Externally-used surface checklist (deterministic)
Treat a surface as external if ANY is true:
- •Token appears in docs/README/examples.
- •Token is a CLI flag/command, config key, env var, or file format field.
- •Token is exported/public API (examples: Rust
pub, TS/JSexport, Python in__all__, Go exported identifier).
If external use is plausible but uncertain:
- •Prefer an additive compatibility path (wrapper/alias/adapter) if small.
- •Ask only if a breaking change is unavoidable.
Compatibility rules:
- •MUST preserve PROVEN_USED behavior unless it is unsafe (crash/corruption/security). If unsafe, tighten and return a clear error.
- •For NON_PROVEN_USED behavior, treat it as undefined; tightening is allowed.
API/migration rules:
- •IF a fix touches an externally-used surface (use
Externally-used surface checklist), THEN prefer additive/backward-compatible changes (new option/new function/adapter) over breaking changes. - •IF a breaking change is unavoidable, THEN stop and ask.
Performance rules:
- •MUST avoid obvious asymptotic regressions in hot paths.
- •IF performance impact is plausible but unmeasurable locally,
THEN choose the smallest correctness-first fix and record the risk in
Residual risks / open questions(do not ask).
Autonomy gate (conviction)
Proceed without asking only if ALL are true:
- •SIGNAL: you have (or can create) a local repro/signal without product ambiguity.
- •CONTRACT: you can derive contract from repo evidence OR characterize current behavior without product ambiguity.
- •INVARIANT: you can state invariant_before and invariant_after.
- •DIFF: the change is localized and reviewable for the chosen strategy.
- •PROOF: at least one validation signal passes after changes.
If ANY gate fails:
- •Apply Defaults + contract derivation.
- •Ask only if still blocked.
Correctness tightening (default)
Definition: tightening = rejecting invalid/ambiguous states earlier, removing silent failure paths, or making undefined behavior explicit.
Rule:
- •IF tightening prevents crash/corruption/security issue, THEN apply it (even if PROVEN_USED), return a clear error, and record the compatibility impact.
- •ELSE IF tightening affects only NON_PROVEN_USED inputs/states, THEN apply it without asking.
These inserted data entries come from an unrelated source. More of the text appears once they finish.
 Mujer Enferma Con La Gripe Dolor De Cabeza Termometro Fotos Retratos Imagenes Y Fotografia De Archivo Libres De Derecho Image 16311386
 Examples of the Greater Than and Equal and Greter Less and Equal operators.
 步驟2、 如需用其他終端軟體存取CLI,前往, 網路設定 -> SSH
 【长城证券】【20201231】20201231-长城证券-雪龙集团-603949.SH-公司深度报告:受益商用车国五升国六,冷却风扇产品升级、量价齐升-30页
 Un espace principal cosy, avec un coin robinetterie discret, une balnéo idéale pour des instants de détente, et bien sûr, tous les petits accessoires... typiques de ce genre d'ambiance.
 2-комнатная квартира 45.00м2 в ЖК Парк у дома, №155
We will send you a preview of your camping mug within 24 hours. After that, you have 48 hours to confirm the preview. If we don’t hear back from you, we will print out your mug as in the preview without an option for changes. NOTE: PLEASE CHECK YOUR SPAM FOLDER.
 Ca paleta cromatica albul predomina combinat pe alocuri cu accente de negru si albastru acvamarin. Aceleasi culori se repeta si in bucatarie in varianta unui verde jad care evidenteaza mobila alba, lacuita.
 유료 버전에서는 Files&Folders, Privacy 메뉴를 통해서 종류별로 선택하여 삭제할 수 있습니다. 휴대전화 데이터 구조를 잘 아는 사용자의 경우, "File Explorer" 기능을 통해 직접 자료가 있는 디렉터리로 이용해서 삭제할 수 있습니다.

- •ELSE (tightening might change PROVEN_USED behavior):
- •prefer a backward-compatible shape (adapter/additive API), OR
- •lock current behavior with a characterization test,
- •ask only if compatibility cannot be preserved.
Allowed tightening moves (examples only):
- •Parse/coerce: implicit coercion/partial parse -> explicit parse + error (JS implicit string->number; Rust
parse().ok()fallback). - •Fallbacks: warn+fallback/default-without-signal -> explicit error OR explicit "unknown"/"invalid".
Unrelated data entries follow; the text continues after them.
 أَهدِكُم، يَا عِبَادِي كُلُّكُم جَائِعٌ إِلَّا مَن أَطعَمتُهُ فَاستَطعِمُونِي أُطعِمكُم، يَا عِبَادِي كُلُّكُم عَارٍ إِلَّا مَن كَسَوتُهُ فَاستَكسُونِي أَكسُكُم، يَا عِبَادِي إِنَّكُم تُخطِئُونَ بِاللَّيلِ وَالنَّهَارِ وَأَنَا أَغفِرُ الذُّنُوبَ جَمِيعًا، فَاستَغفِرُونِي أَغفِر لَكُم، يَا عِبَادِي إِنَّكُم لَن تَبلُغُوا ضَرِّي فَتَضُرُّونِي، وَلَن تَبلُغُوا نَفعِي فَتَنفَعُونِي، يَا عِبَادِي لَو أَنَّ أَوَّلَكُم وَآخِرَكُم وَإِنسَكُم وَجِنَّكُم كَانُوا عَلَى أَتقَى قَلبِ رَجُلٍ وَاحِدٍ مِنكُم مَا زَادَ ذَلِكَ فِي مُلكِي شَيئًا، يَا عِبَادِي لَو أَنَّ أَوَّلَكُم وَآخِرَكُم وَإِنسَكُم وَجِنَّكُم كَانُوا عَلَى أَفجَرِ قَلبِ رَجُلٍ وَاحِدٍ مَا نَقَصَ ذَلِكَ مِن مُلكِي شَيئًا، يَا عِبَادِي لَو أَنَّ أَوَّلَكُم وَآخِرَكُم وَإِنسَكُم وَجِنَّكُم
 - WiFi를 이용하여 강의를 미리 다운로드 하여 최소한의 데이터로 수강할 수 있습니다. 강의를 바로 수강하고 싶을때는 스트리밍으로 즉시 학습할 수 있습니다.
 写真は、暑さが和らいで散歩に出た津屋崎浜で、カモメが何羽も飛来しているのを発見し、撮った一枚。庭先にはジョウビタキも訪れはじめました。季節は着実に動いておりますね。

- •Lossy conversion: truncation/clamp/wrap -> checked conversion + error (Rust
as; C casts; Go int conversions). - •Partial updates: multi-step mutation -> atomic/transactional boundary OR explicit partial result.
- •Ignored errors: ignore -> propagate with context; if intentionally ignored -> compensating signal (assert/test/metric/log).
- •Sentinels:
-1/0/""/None-> richer returns.
Defaults (use only when semantics-preserving for valid inputs)
Ownership / lifetimes
- •MUST inventory in-slice resources: allocations, handles, sockets, locks, txns, temp files.
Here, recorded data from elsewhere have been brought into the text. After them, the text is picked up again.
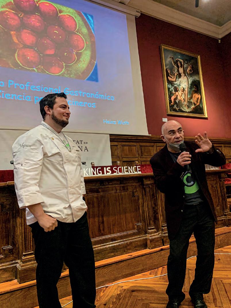 mente por sus libros “La cocina y los alimentos” y “Aromas del mundo: Una guía para narices inquietas”, fue nombrado Presidente Honorario por su excelente labor divulgativa en el mundo de la ciencia y cocina. En su conferencia subrayó la importancia de las moléculas en nuestra alimentación y cómo al modificarlas es posible conducirnos a los maravillosos sabores que tenemos y sentimos cada día: “procesos químicos básicos como la combustión o la evaporación acaban generando nuevos olores que afectan directamente al sentido del gusto, descubriéndonos, en consecuencia, nuevos sabores cada vez”.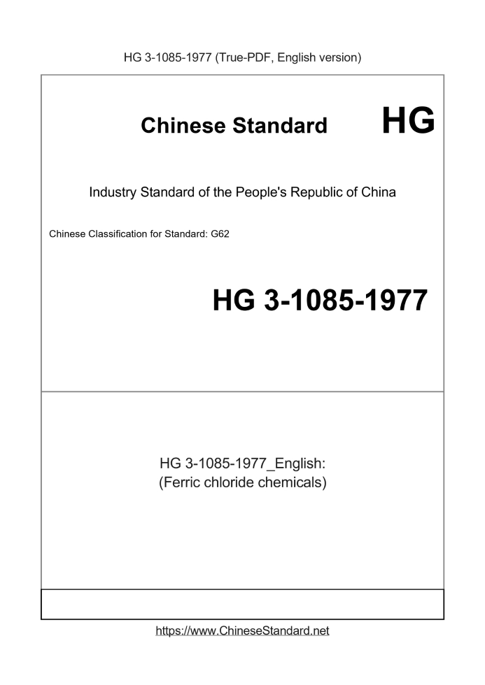Delivery: <= 2 days. True-PDF full-copy in English will be manually translated and delivered via email. HG 3-1085-1977: (Ferric chloride chemicals) Status: Obsolete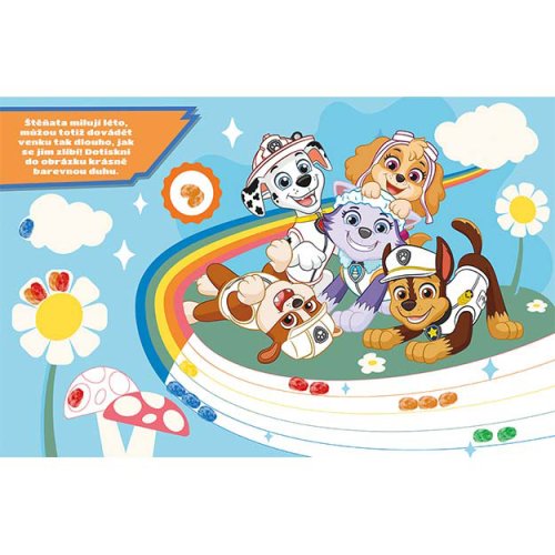 Kreativní sešit s motivem Tlapkové patroly je ideální pro první výtvarné pokusy těch nejmenších. Obsahuje prstové barvy a zábavné obrázky k dotvoření otisky prstíků. Jednoduché otisky prstíků oživí obrázky a podporují dětskou kreativitu. Barvy jsou netoxické, omyvatelné a bezpečné pro dětskou pokožku. Titul obsahuje 24 stran plných barevných obrázků k dorazítkování prstíky a 6 prstových barev. Vhodné pro děti od 3 let.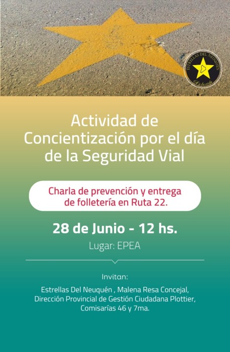 Desde el mediodía se está llevando a cabo una actividad de concientización entre Neuquén y Plottier por el día de la Seguridad Vial. Se están entregando folletos y también se realizará una charla en la EPEA de Plottier.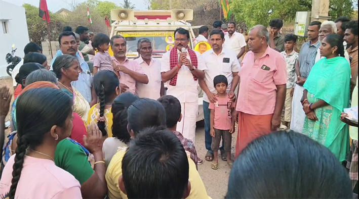 10-ஆண்டு காலம் கவுன்சிலராக பணியாற்றிய சொந்த கிராமத்திற்கு சென்று உதயசூரியன் சின்னத்தில் வாக்கு சேகரித்த அரவக்குறிச்சி திமுக வேட்பாளர் மொஞ்சனூர் இளங்கோ.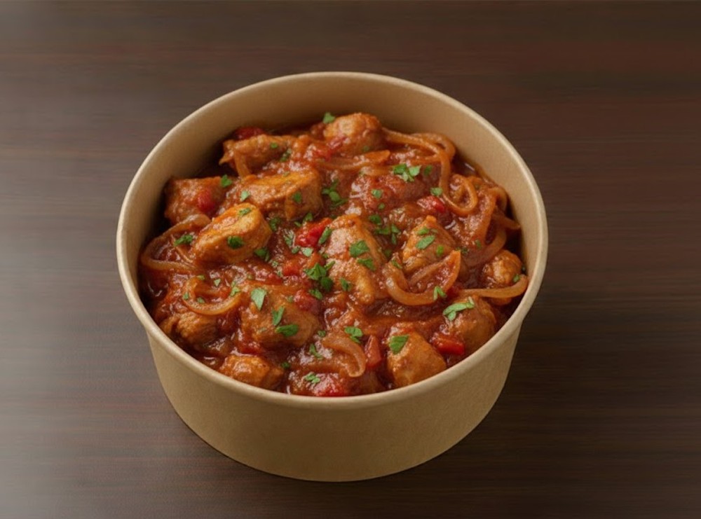 Georgian chicken stew with tomatoes, herbs, onions, rich aromatic flavor
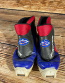 Boots are the most obviously distinctive family of Nordic ski boots. They have a 75mm wide "duck bill" at the front of the boot, with three holes on the bottom of the bill that line up with the pins on their appropriate binding.

- •For each resource, record: acquire_site, owner, release_action.
- •MUST ensure every exit releases exactly once.
- •MUST free/release ONLY via the proven owner/allocator/handle.
- •Never assume a "free" is safe without proving allocator/ownership.
- •Arena/bump allocators: per-object
freeis safe only if explicitly documented as permitted/no-op.
Validation signal selection
Algorithm:
- •IF the user provided a command, use it.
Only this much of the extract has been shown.